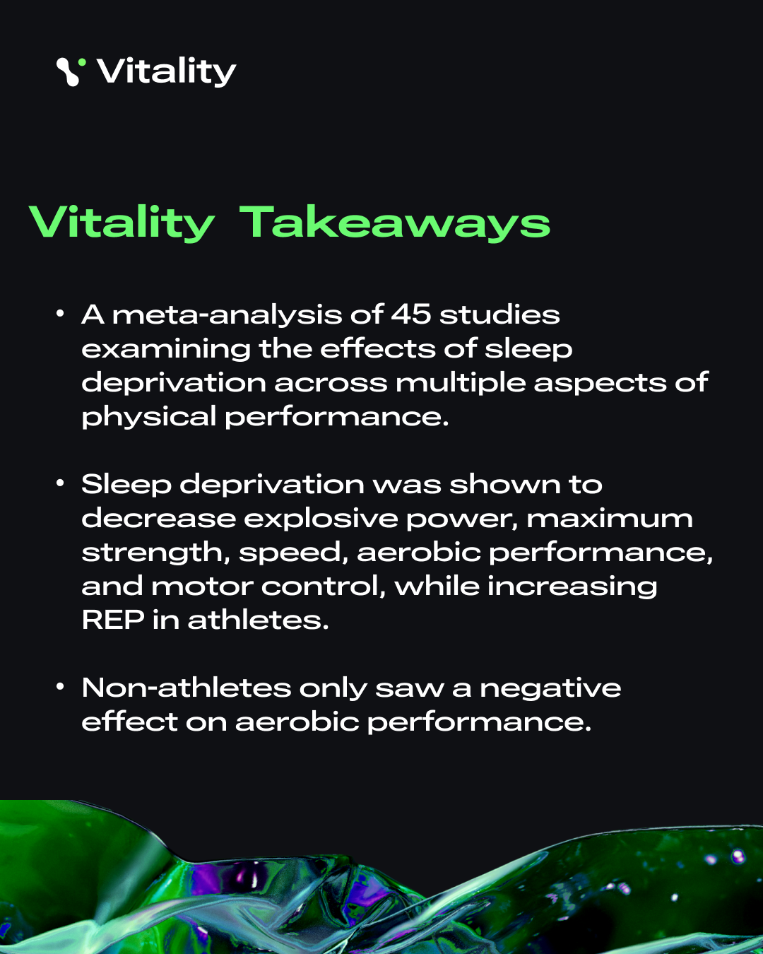 These findings further solidify sleep's place as a cornerstone in optimal performance. While there is solid evidence for sleep's impact on cognitive function, these data point to which areas of physical performance are directly supported by sleep and to what magnitude.
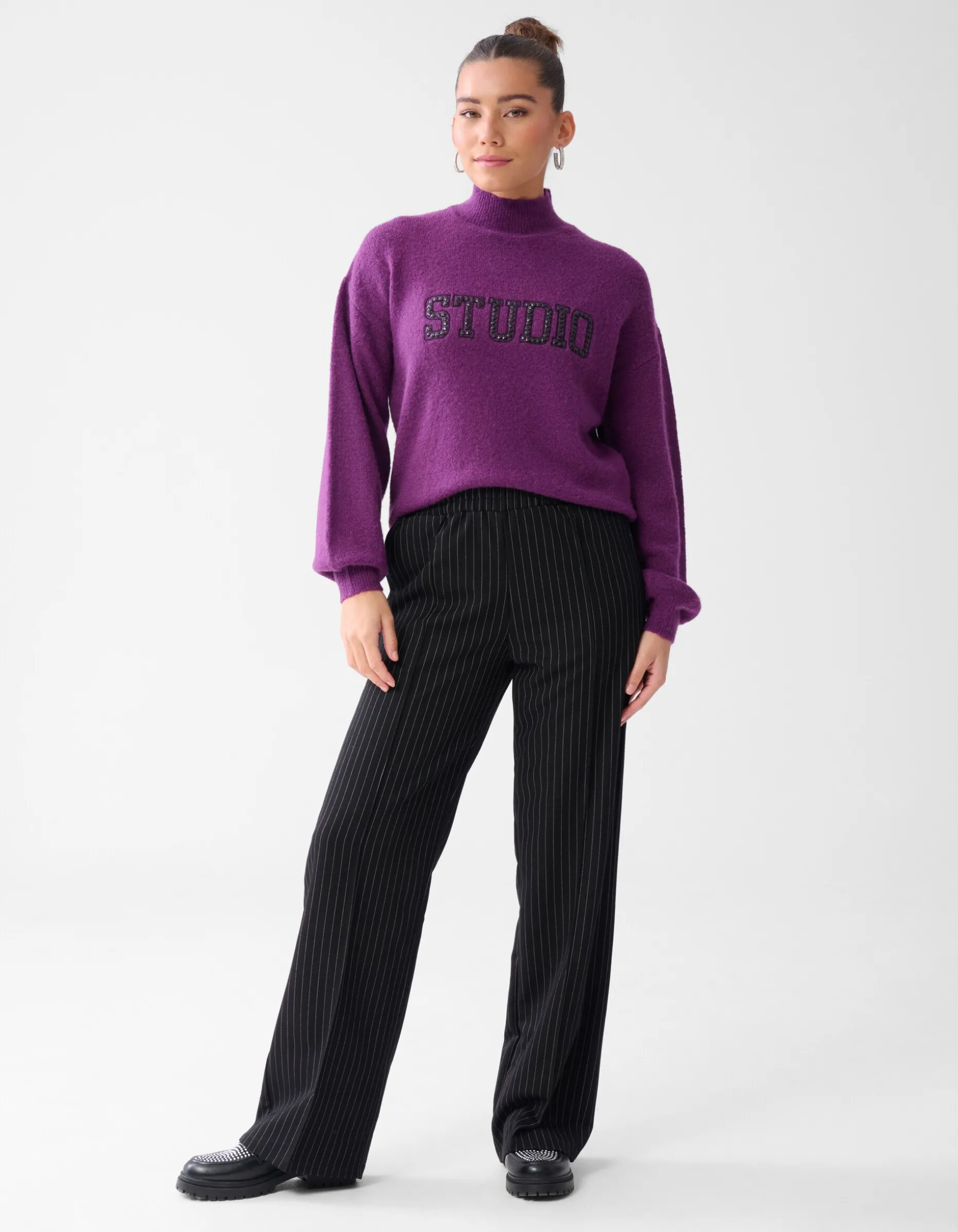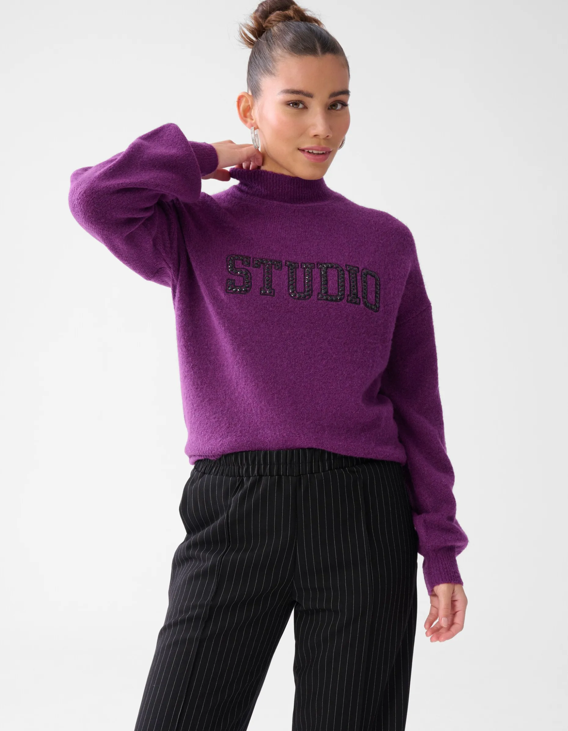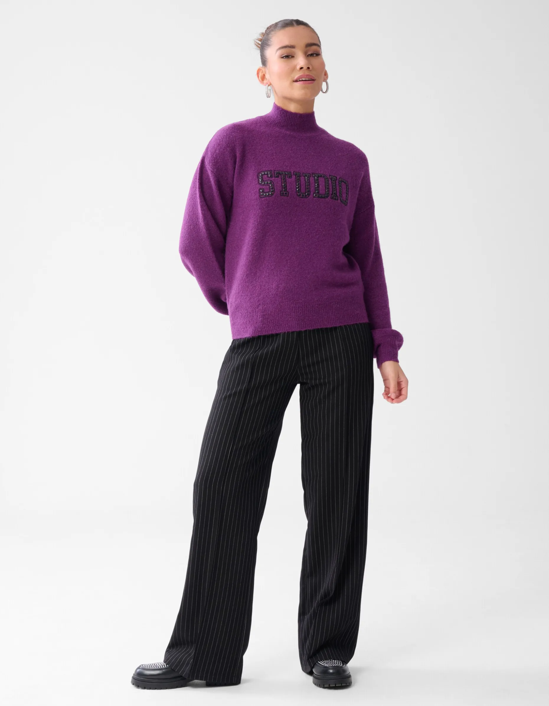 Musthave! De studio Strass Trui Donkerpaars heeft een opvallende studio opdruk met strass steentjes. Verder wordt de trui gekenmerkt door de oversized fit, paarse kleur, hoge kraag en de lange mouwen. De trui is gemaakt van acrylic, polyamide en elastaan. Deze samenstelling zorgt ervoor dat de trui sterk van kwaliteit, kleurvast en subtiel rekbaar is. Het model heeft een lengte van 171 cm en draagt en maat S. De trui heeft een totale lengte van 57 cm bij een maat S.
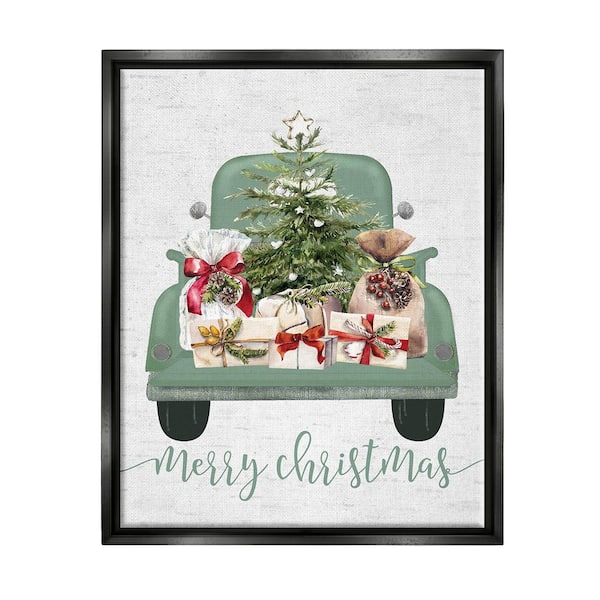Merry Christmas Truck by Lettered and Lined 1-Piece Floater Frame Graphic Print Travel Poster Art Print 31 in. x 25 in.
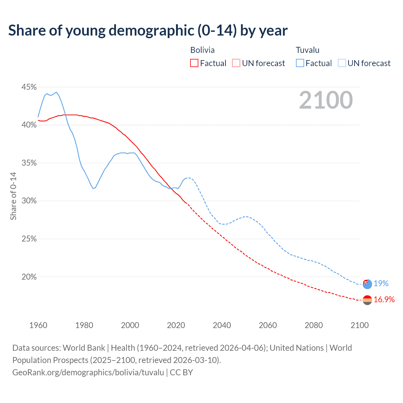 - The share of young demographic (0-15 years old) in Bolivia is 29.8% vs 32.9% in Tuvalu.
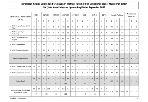6 IBTE Kampus Sultan Bolkiah 55 20 9 4 0 0 46 16 0 0 0 0 0 0 0 0 110 40 150 2 0 2
■ ■ ■ ■ ■ ■ ■
EXERCISE BRIEF:
Word for word, quote the full listing, omitting every picture.

REPLY TO THE TASK:
 These findings further solidify sleep's place as a cornerstone in optimal performance. While there is solid evidence for sleep's impact on cognitive function, these data point to which areas of physical performance are directly supported by sleep and to what magnitude.
 Musthave! De studio Strass Trui Donkerpaars heeft een opvallende studio opdruk met strass steentjes. Verder wordt de trui gekenmerkt door de oversized fit, paarse kleur, hoge kraag en de lange mouwen. De trui is gemaakt van acrylic, polyamide en elastaan. Deze samenstelling zorgt ervoor dat de trui sterk van kwaliteit, kleurvast en subtiel rekbaar is. Het model heeft een lengte van 171 cm en draagt en maat S. De trui heeft een totale lengte van 57 cm bij een maat S.
Merry Christmas Truck by Lettered and Lined 1-Piece Floater Frame Graphic Print Travel Poster Art Print 31 in. x 25 in.
 - The share of young demographic (0-15 years old) in Bolivia is 29.8% vs 32.9% in Tuvalu.
6 IBTE Kampus Sultan Bolkiah 55 20 9 4 0 0 46 16 0 0 0 0 0 0 0 0 110 40 150 2 0 2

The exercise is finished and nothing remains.